Harold and his brother Fayard began their careers as children in vaudeville with their musician parents. They went on to stop shows on Broadway, in nightclubs, on television and in movie musicals.

"We were tap-dancers but we put more style into it, more bodywork, instead of just footwork," Harold Nicholas recalled in a 1987 interview. "I copied my brother. He was a natural dancer, graceful. People always asked did we study ballet. We never did."

With his brother, then as a solo performer, Mr. Nicholas appeared in more than 50 movies, including "The Big Broadcast of 1936" (1935), "Down Argentine Way" (1940), "Tin Pan Alley" (1940) and "Sun Valley Serenade" (1941).

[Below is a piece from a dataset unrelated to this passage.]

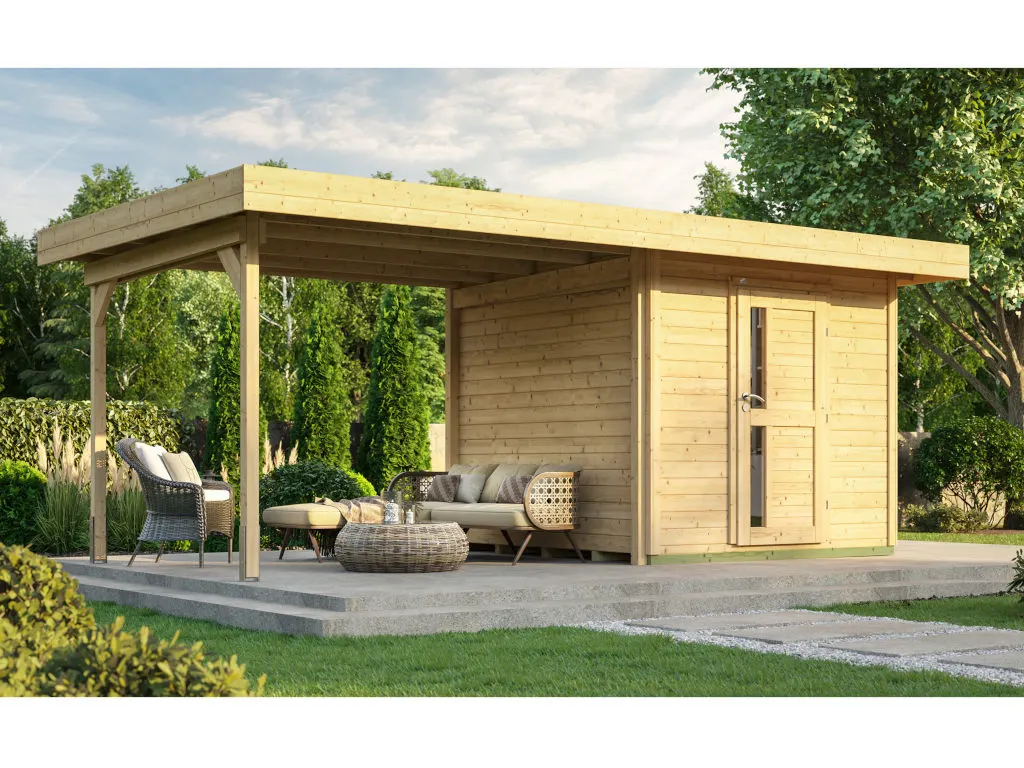 Die Grundfläche des Gartenhauses beträgt 15,42 m² mit einem Sockelmaß von B x T: 530 x 241 cm (B x T). Eine optimale Raumnutzung wird dank einer Firsthöhe von 226 cm gewährt.

Fred Astaire told the brothers their dazzling footwork, leaps and splits in the "Jumpin' Jive" dance in "Stormy Weather" (1943) was the greatest movie musical number he had ever seen. In the number, the brothers dance on drums and leap over orchestra musicians.

"In `Stormy Weather,' we had a huge set made of big steps," Mr. Nicholas recalled. "My brother would jump over my head into a split on the step below me. I'd do the same thing over his head until we both got down on the floor.

"The only thing I say is, if they want me to jump down the steps now, they'll have to pay me a lot of money," he said.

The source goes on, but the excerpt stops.